This is a particularly convincing image: drones and chanter in proportion to each other and the piper, lower hand finger joints over the chanter holes, ac- curate detail like the mounts and the flared chanter sole found on older Border chanters. The piper too has the look of a real person drawn from life, with more facial detail than the other figures and a carefully drawn club foot - before modern welfare systems many professional street musicians were disabled. After much discussion we came to the conclusion that these pictures were probably painted in south-east England around the 1680s and that’s pretty much where the story has stayed till now.

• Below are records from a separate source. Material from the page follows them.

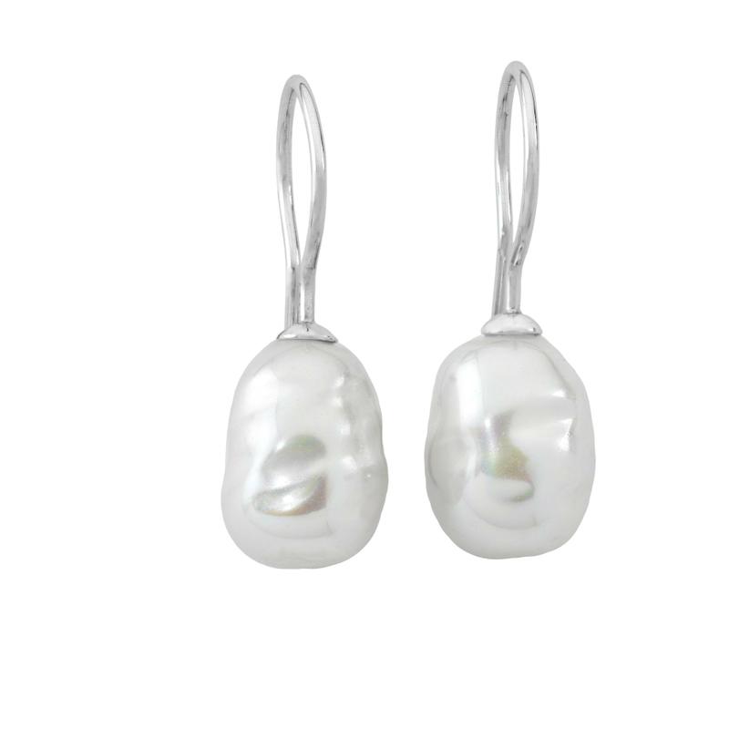 Naušnice na kopču udica od rodiniranog srebra s baroknim bijelim biserima promjera 8 mm.
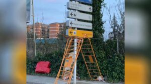 ACTUALIDAD • AYUNTAMIENTO ¡Otra chapuza! Vox denuncia como una señal está sujeta por vallas con piedras en las obras del Polígono de Butarque 10/12/2021
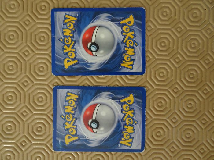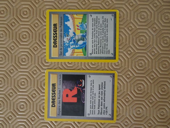 2 cartes pokemon dresseur, années 1995-2000. Des traces d'usure. - repaire des Rocket ! - test de personnalité des Pokémon
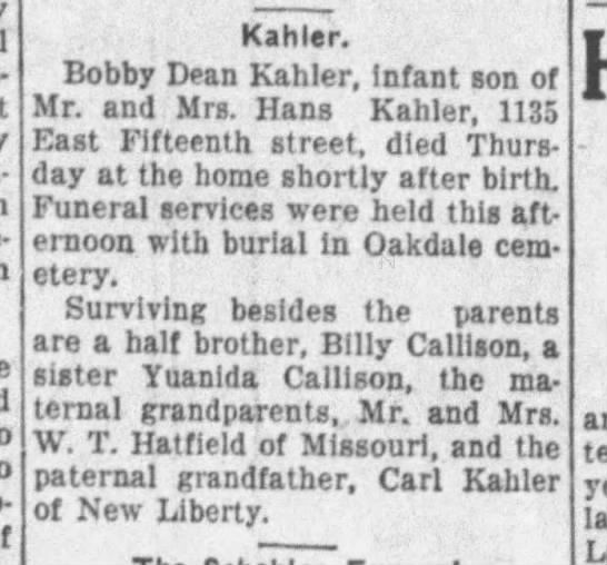 Bobby Dean Kahler was born on January 30, 1930 in Davenport, Scott, Iowa, USA. He died on January 30, 1930, at age 0, in Davenport, Scott, Iowa, USA. He was buried in Oakdale Memorial Gardens, Davenport, Iowa.
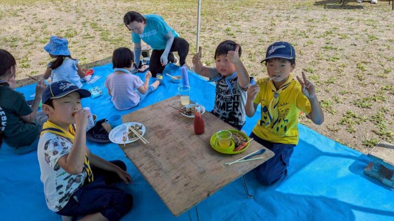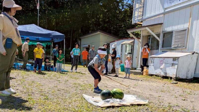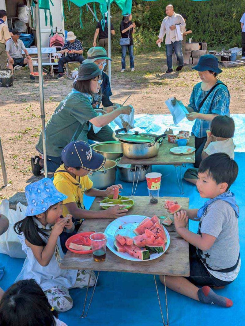 昼食のあとは、お楽しみイベントとして恒例の「スイカ割り」が行われました。2個のスイカを用意し、小さなスカウトから順番に挑戦。目隠しをして棒を持ち、周りの仲間たちの「右!もう少し左!」という声援を頼りに一打を振り下ろします。見事にスイカが割れると、大歓声と拍手が響き渡りました。割れたスイカは全員で分け合い、夏ならではの甘い味を楽しみました。
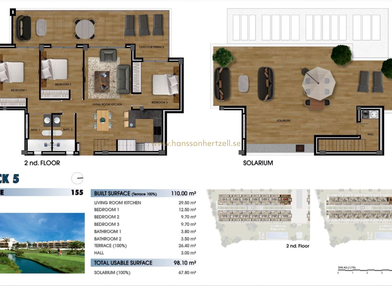 NYBYGGT BOSTADSKOMPLEX NÄRA LA SERENA GOLF, LOS ALCAZARES Detta fantastiska komplex kommer att bestå av 244 lägenheter med 2 och 3 sovrum, fördelade på 8 kvarter och 20 privata villor. Moderna lägenheter i 3 våningar (bottenvåning plus 2), bottenvåningen med fina trädgårdar, och några av dem med privat pool och andra våningen med fina terrasser och privata solarium. Hörnlägenheter (4 per våning) och lägenheter på översta våningen har 3 sovrum och resten 2 sovrum. Fastigheter i österläge med utsikt över de gemensamma områdena och västerläge med underbar utsikt över golfbanan. Komplex med den gemensamma poolen och de gemensamma utrymmena. Varje lägenhet har sin egen parkeringsplats och privat förvaring i källaren, ingår i priset. Bostad beläget i en frontlinje av den prestigefyllda golfbanan "La Serena Golf". Denna golfbana är välkänd för sina sjöar och vegetation som vävs samman med golfbanan. Vattnet och sjöarna finns i 16 av de 18 hålen, men hela banan är utformad för att erbjuda golfaren olika strategier i varje hål. En annan aspekt som gör denna golfbana unik är att den är ansluten genom att gå till stadens centrum, något som är omöjligt att hitta på andra golfplatser som gör att vi kan njuta av lugnet och skönheten i området utan att vägra tillgång till de tjänster som Los Alcázares erbjuder. Los Alcázares är ett exceptionellt område på Costa Cálida, bara 25 minuter från Murcias flygplats och 55 minuter från Alicantes flygplats. Området är anslutet via motorväg med städerna Cartagena, Murcia och Alicante och resten av stränderna på Costa Cálida och Costa Blanca.

In the 17th century the lands of the southern North Sea - southeastern Eng- land and the Low Countries - were in the forefront of developing a new kind of society marked by the development of a mercantile capitalist economy and the rise of a powerful and wealthy middle class. One aspect of this story is that a revolution in art took place in the Low Countries in response to the demands of the expanding middle class. In part this revolution was quantitative: it is estimated that over 1.3 million Dutch paintings were produced between 1640 and 1660 alone. But there was also a qualitative change: these artists began to find new themes, including for the first time a sub-style devoted to portraying the everyday life of ordinary people - what has come to be called “genre” art. Genre painting doesn’t just mark the beginnings of social realism. It also marks the beginnings of the modern cartoon. Both these strands can be seen in the work of the Van Heemskercks, with the son forming an important bridge between his father’s generation and the world of Hogarth and Rowland- son.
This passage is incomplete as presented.